Tech Radar| 2026-07-10

The Regression Test Is a Vibe Check

Jessica Tran
Staff Writer
The Regression Test Is a Vibe Check

The team gathered around the monitor, watching the new chatbot logic handle a difficult customer query. The response was perfect—empathetic, accurate, and concise. Someone said, “Looks good. Ship it.” The change, a single-line prompt tweak, went live an hour later.

Three days later, the weekly metrics review felt like an autopsy. Customer satisfaction scores had cratered, but only for users on the company’s oldest, most profitable enterprise plan. The chatbot, now finely tuned to handle common questions with more conversational flair, was failing catastrophically on complex queries about deprecated API endpoints. The new prompt had introduced a subtle regression, a blind spot that the team’s quick manual check completely missed. The test that passed was a vibe. The failure that followed was a number, written in red on a slide for the VP.

This is the new reality of software development. For decades, we built a culture of certainty around code. We wrote unit tests, integration tests, and end-to-end tests. We built CI/CD pipelines that acted as ruthless gatekeepers. Code was deterministic; you could prove its correctness. If add(2, 2) returned 5, the build failed. Simple.

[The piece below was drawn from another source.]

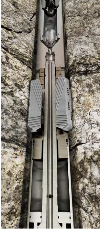
Triaxial expandable anchor.

With the TrackMaster OH-C system, setting the whipstock and cementing are accomplished in a single trip, saving the costs of extra trips, additional cement plugs, loss of drilling days, and reconfiguration of the drilling trajectory.

That certainty is gone. We are now shipping probabilistic systems. There is no single correct output for a large language model, only a spectrum of plausible ones. The rigorous, automated logic of the regression test has been replaced by a subjective, manual spot-check. We ask the model a few questions, look at the answers, and if they feel right, we deploy.

The entire quality assurance pipeline, built over half a century of software engineering discipline, is being short-circuited by a gut feeling.

This isn’t a temporary phase. It’s a fundamental crisis in how we build and maintain software. The old tools don’t work. Asserting that a model’s output equals() a specific string is laughably naive. It misses the entire point. We want the model to be helpful, not to parrot a canned response. So we invent new metrics—ROUGE scores, BLEU scores, semantic similarity—abstractions that try to quantify the unquantifiable. They provide a thin veneer of objectivity, but they are easily gamed and often fail to capture the actual user experience.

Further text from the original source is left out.